One possibility is that normally devoiced productions of /z/ are somehow more susceptible to additional error-induced devoicing than cases where /z/ is 100% voiced. If error-induced devoicing is stronger in the lexical case, then the number of tokens with only a small amount of devoicing would be diﬀerentially reduced.
Given the clear lexical eﬀects on /s/ production and some indication of lexical eﬀects on /z/ production, we conclude that productions in which there is a competing lexical outcome produce greater numbers of errors. The eﬀect of a competing lexical item on speech errors is found in an increase in both gradient errors and categorical errors. Together with the evidence from Section 3 that categorical errors in voicing are more common than expected based on the pattern of gradient errors, we conclude that the segment and word are both units of organization in the speech production process that aﬀect the phonetic details of articulation.
The lexical eﬀect we found in speech production further supports a connectionist approach to phonological encoding in speech production. If the articulatory plans for segments compete with one another during encoding, then competing segments that are reinforced by corresponding word nodes will be enhanced. For competing word outcomes, more errors will occur. When there is no word competitor, the correct segment will encounter less competition, and fewer errors will occur.
Assuming that errors can involve both blending of articulatory plans and wholesale substitution, an increase in both gradient and categorical errors would be predicted in cases where there is a lexical competitor.
5. Discussion and conclusion
This study presented an acoustic and perceptual analysis of onset /s/ and /z/ speech errors by nine talkers. In support of the claims of Mowrey & MacKay (1990), we found that gradient, noncontrastive errors can occur, and that such errors are actually common.
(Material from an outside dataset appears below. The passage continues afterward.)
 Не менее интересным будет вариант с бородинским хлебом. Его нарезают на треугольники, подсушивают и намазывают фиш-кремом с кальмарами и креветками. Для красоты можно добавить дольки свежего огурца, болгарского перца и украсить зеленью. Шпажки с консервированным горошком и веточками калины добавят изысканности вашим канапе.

In addition, we found that categorical errors also occur at rates that are higher than would be expected if the only source of errors was from noncontrastive variation that happened to extend into another phonetic category.
Finally, we demonstrated a lexical eﬀect on both gradient and categorical errors.
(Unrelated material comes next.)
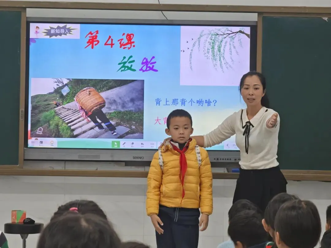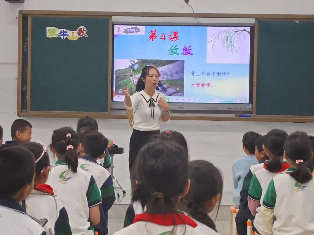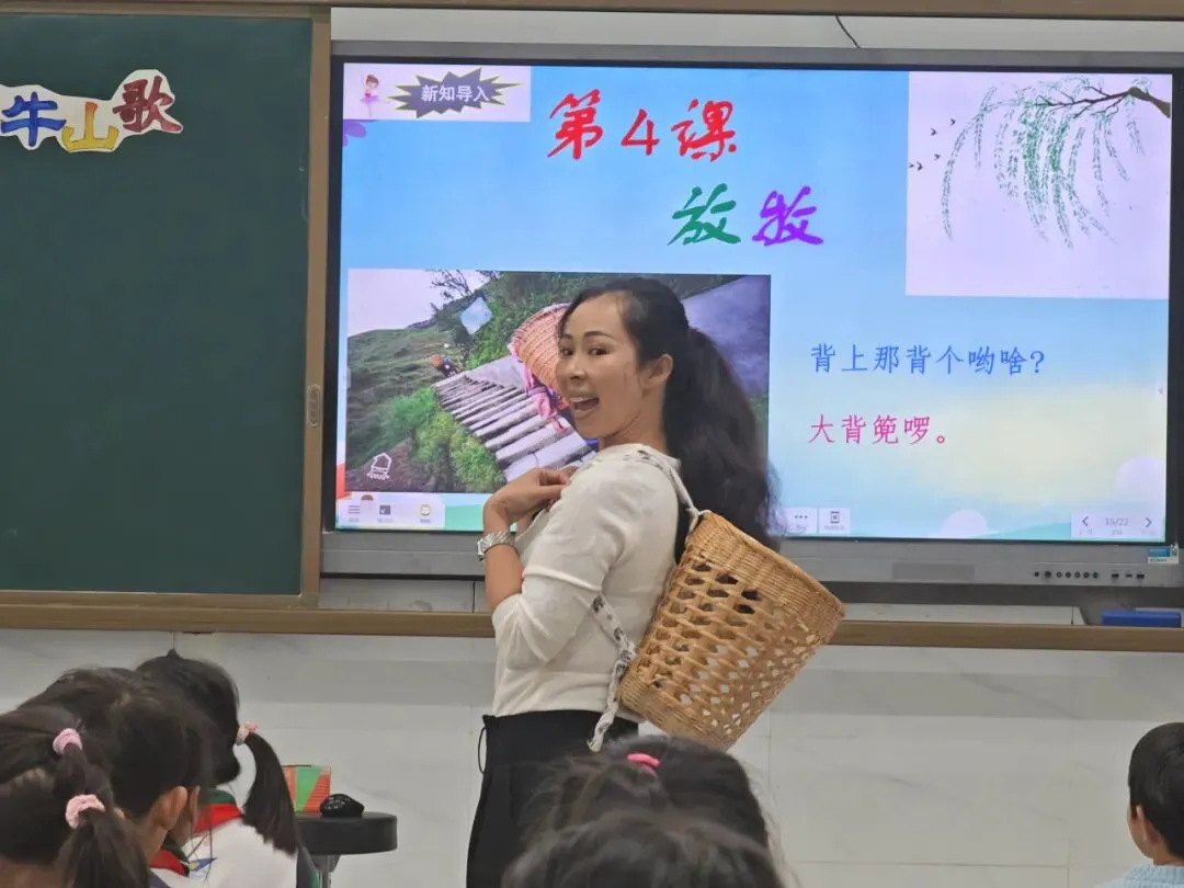 陶富艳老师的《放牛山歌》一课从联系生活实际入手,坚持以美育人、重视艺术体验为教学理念,通过节奏说唱创设情境,多次聆听感知歌曲风格特点,在哼唱旋律中认识二分音符并感知乐句,在歌唱、律动,串铃、双响筒等乐器伴奏中自信、活泼地表现歌曲,在看微视频、聆听多曲山歌片段中丰富对山歌的认识,通过以上层层递进的教学活动,关注学生个性化与多样化的学习需求,旨在培养学生审美感知、艺术表现、创意实践和文化理解的核心素养,最终激发学生对地方民间音乐和对乡村生活的热爱之情。

These patterns provide evidence for a set of higher level units that organize phonetic gestures at the level of the segment and word, agreeing with some of the observations of traditional speech error analyses based on transcribed data.
While some of the theoretical conclusions of transcription-based speech error analyses are supported, others must be rejected. Assertions that speech errors result in grammatically acceptable utterances are not supported (e.g., Fromkin, 1971). The detailed acoustics of some of the productions in our corpus, speciﬁcally those resulting in intermediate voicing errors, are distinctly phonetically anomalous. For example, errors where 10% of an intended /s/ is voiced by overlapping with the following vowel are clearly anomalous, and by no means similar to cases of normally devoiced /z/. In addition, the concatenation errors are instances of phonotactically ungrammatical onset sequences. While self-monitoring and editing certainly takes place in speech production (Levelt, 1989), it is not the case that the majority of speech errors in our corpus are best analyzed as mis-selection of phonological segments that have been phonetically encoded after the error occurred.